People on this app get personal so quickly its not fun. Been here a week and more hate hit me than in 12 years of reddit. Calm tf down.
Blackberry was not a smartphone in my opinion. You are right with the rest and you can consider blackberry a smartphone if you want to. We can have different opinions.
I don't hate you, and I'm not throwing hate your way. I'm just a little exasperated, that's all.
Look... A smartphone is defined as a device that combines mobile telephone functions and computing functions into one unit. By that definition, the BlackBerry definitely qualified. If you're using a different definition - for example, one that requires a full-body touchscreen and no physical keyboard - that's fine, it's just important that we agree on what we're talking about. I'm using the traditional definition and you're not, I guess.
That's OK, just as long as we both know.
So let's move on.
Ok. What is the topic? Innovation vs invention?
That's a good one. I think there's a lot that would be interesting to explore in both. For example, was the IBM Simon a smartphone?
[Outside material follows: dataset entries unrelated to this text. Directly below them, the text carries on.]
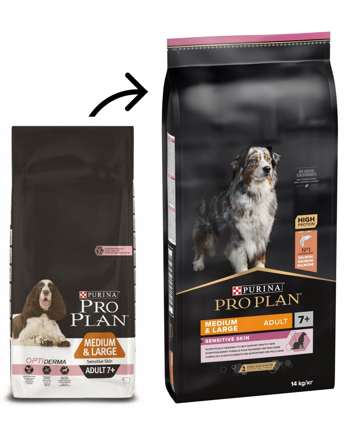 Purina® PRO PLAN® Medium & Large Adult 7+ Pele Sensível, é um alimento completo para cães sensíveis de tamanho médio e grande, com mais de 7 anos de idade, que promove uma pele saudável e um pelo bonito e brilhante.
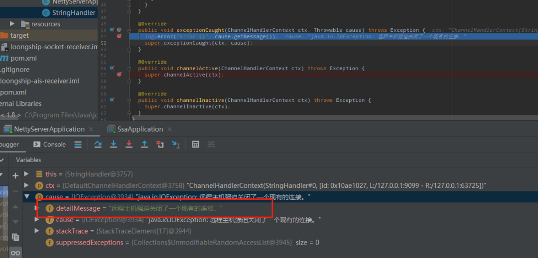 当客户端或者服务端接收数据处理出现异常或者客户端主动关闭连接:会进入如下方法
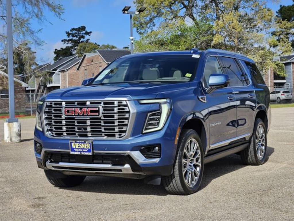 This 2026 GMC Yukon Denali in Downpour Metallic comes with the following features: EcoTec3 6.2L V8 10-Speed Automatic with Overdrive 4WD 4WD Advanced Security Package (Glass Breakage Sensor, Theft-Deterrent Alarm System, Vehicle Inclination Sensor, and Vehicle Interior Movement Sensor), Advanced Technology Package (3 Years OnStar One, Driver Attention Assist, Inside Rearview Auo-Dimming Rear Camera Mirror, Rear Seat Media System, and Super Cruise), Denali Reserve Package (Dual-Pane Panoramic Power Sunroof and Power-Retractable Assist Steps), Enhanced Trailering Technology Package (Trailer Camera Provisions, Trailering Assist Guidelines, and Wired Auxiliary Trailer Camera), Max Trailering Package (Blind Zone Steering Assist with Trailering, Extra Capacity Cooling System, Hill Descent Control, Hitch View, Integrated Trailer Brake Controller, and Smart Trailer Integration Indicator), Preferred Equipment Group 5SA (15 Diagonal Multi-Color Head-Up Display, 4-Way Power Driver Lumbar Seat Adjuster, 4-Way Power Front Passenger Lumbar Seat Adjuster, AutoSense Hands-Free Power Liftgate, Bright Front and Rear Door Sill Plates, Dual Exhaust System, Galvano Bodyside Moldings, Magnetic Ride Control Suspension, Perforated Heated and Ventilated Driver and Front Passenger Seats, Power Release 2nd Row Bucket Seats, Power Tilt and Telescopic Steering Column, and Wheels: 20 x 9 6-Spoke Polished Aluminum), 4WD, 10 Speakers, 3.23 Rear Axle Ratio, 3rd row seats: split-bench, 4-Wheel Disc Brakes, ABS brakes, Adaptive suspension, Air Conditioning, Air Ride Adaptive Suspension, Alloy wheels, AM/FM radio: SiriusXM with 360L, Apple CarPlay/Android Auto, Audio memory, Auto High-beam Headlights, Auto-dimming door mirrors, Auto-dimming Rear-View mirror, Auto-leveling suspension, Automatic temperature control, Bodyside moldings, Bose 10-Speaker Surround with CenterPoint, Brake assist, Bumpers: body-color, Compass, Delay-off headlights, Driver door bin, Driver vanity mirror, Dual front impact airbags, Dual front side impact airbags, Electronic Stability Control, Emergency communication system: OnStar and GMC connected services capable, Exterior Parking Camera Rear, Four wheel independent suspension, Front anti-roll bar, Front Bucket Seats, Front Center Armrest, Front dual zone A/C, Front fog lights, Front reading lights, Fully automatic headlights, Garage door transmitter, Heads-Up Display, Heated door mirrors, Heated Driver and Front Passenger Seats, Heated front seats, Heated rear seats, Heated steering wheel, Illuminated entry, Low tire pressure warning, Memory seat, Navigation system: GMC Connected Navigation, Occupant sensing airbag, Outside temperature display, Overhead airbag, Overhead console, Panic alarm, Passenger door bin, Passenger vanity mirror, Perforated Leather Seating Surfaces, Power door mirrors, Power driver seat, Power Liftgate, Power passenger seat, Power steering, Power windows, Radio: 16.8 Diagonal Premium GMC Infotainment System, Rain sensing wipers, Rear air conditioning, Rear anti-roll bar, Rear reading lights, Rear window defroster, Rear window wiper, Remote keyless entry, Security system, SiriusXM with 360L, Speed control, Speed-sensing steering, Split folding rear seat, Spoiler, Steering wheel memory, Steering wheel mounted audio controls, Tachometer, Telescoping steering wheel, Tilt steering wheel, Traction control, Trip computer, Turn signal indicator mirrors, Variably intermittent wipers, Ventilated front seats, and Voltmeter.

It had a touchscreen, apps, and network access way back in 1992. So what are the material vs. cosmetic differences between it and the iPhone? (Don't worry, I'm not arguing that the iPhone isn't both innovative and inventive in comparison, it's just that there's more gray area than people tend to realize.)
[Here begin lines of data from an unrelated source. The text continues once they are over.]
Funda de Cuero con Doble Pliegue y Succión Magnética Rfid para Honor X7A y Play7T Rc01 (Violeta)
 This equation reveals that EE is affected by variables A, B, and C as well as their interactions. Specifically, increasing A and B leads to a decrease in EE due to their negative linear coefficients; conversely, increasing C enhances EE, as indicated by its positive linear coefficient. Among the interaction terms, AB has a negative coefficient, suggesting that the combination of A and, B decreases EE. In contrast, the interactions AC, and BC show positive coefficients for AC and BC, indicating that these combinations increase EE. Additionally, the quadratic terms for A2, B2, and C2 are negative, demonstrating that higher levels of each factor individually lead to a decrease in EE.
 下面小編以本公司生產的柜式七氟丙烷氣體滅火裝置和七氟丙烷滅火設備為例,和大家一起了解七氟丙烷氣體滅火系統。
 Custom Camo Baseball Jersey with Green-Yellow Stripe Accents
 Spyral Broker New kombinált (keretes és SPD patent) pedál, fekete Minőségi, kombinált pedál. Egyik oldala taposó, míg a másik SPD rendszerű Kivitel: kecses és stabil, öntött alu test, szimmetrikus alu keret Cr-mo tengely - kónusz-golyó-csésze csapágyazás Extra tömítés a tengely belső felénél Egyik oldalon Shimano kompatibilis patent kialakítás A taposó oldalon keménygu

I guess what I'd most like to think about is three things:
Hey, also wanted to say I'm glad we've hammered this out.
A smartphone integrates a camera, a phone, a gps device and internet as well as being a phone and enabled communication by text, video and audio.
A device that combines all of this may have existed before but they failed in the fight for adoption by the masses. Innovation is theorized:
https://en.m.wikipedia.org/wiki/Diffusion_of_innovations
What you need to make inventions into innovation is to make it accessible to people who expect products to just work. Innovation always faces resistance. The people who don’t want any change will always fight new stuff while early adopters will always try new things. The people in the middle are key. UX is a big part but also hardware and software that works without the need for tinkering is essential.
The LG Prada predates the original iPhone. Apple still didn't "create" that design.
Owned an LG Prada. It was really only similar in photos.
A Nokia 3310 would like to have a word with you
I'm not sure Apple has every really been that much about innovation when it comes to core technologies. Their business is at the product level, and given that generative AI is a product market still in flux it makes sense for them to dive into some exploration ... especially given that they're already a natural language AI assistance company.
The cofounder is famously quoted as saying "Good artists copy, great artists steal", lol
Which, appropriately, is a quote he stole from Picasso.